Learning Timeline
Key Insights
Verification Benchmark
To verify the AI model's capability, look specifically for 'inter-reflections' (seeing one sphere reflected inside the other). Previous models like Gemini 3 often failed this specific physics calculation.
Thinking Process Visibility
In GPT 5.2, expanding the 'Thinking Process' is critical for debugging. It confirms if the AI successfully executed external actions, such as browsing the web for specific texture assets (street panoramas) before writing the code.
Prompts
Ray-Traced Environment Generation
Target:
GPT 5.2
Create a WebGL simulation with two metallic spheres. Use any publicly available 3D street environment as the background. Allow adjustable parameters such as reflectivity, roughness, radius, position, and other material properties of the spheres. Ensure the scene handles ray-traced reflections between the objects.
Step by Step
Generating and Deploying the WebGL Simulation
- Enter the detailed prompt into the GPT 5.2 chat interface specifying the need for 'two metallic spheres' and a 'publicly available 3D street environment'.

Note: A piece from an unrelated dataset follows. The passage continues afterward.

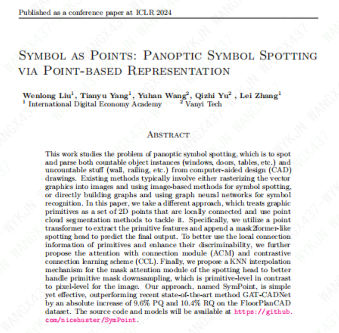 万翼科技在2024年发布了矢量图识别模型SymPoint的研究论文被2024国际顶级AI会议ICLR收录。ICLR会议由深度学习三大巨头之二的Yoshua Bengio和Yann LeCun牵头创办,在最新的谷歌学术期刊和会议影响力排名中位列计算机学科前列。

- Click the 'Generate' button.
- Click to expand the 'Thinking Process' log to confirm the AI is searching for street panoramas and implementing WebGL 2 ray tracing.
- Wait for the code generation to complete.
- Click the 'Copy Code' button or icon on the code block.
- Open a text editor (e.g., Notepad, VS Code) on your computer.
- Paste the generated code into a new blank file.
- Save the file with an '.html' extension (e.g., 'simulation.html').
- Double-click the saved HTML file to open it in your web browser.
Verifying Ray-Tracing Accuracy
- Locate the 'Ray Tracing Controls' panel within the generated browser window.
- Click to expand the controls if they are collapsed.
- Set the 'Base Color' of both Sphere A and Sphere B to 'White' to neutralize color influence.
- Drag the 'Roughness' slider for both spheres to '0' to maximize mirror-like reflections.
- Drag the 'Metalness' slider to '1' to fully simulate metallic surfaces.
- Adjust the 'X' or 'Z' position sliders for Sphere A to move it closer to Sphere B.
- Observe the reflection on the surface of Sphere B; confirm that Sphere A is visible inside the reflection (physically accurate inter-reflection).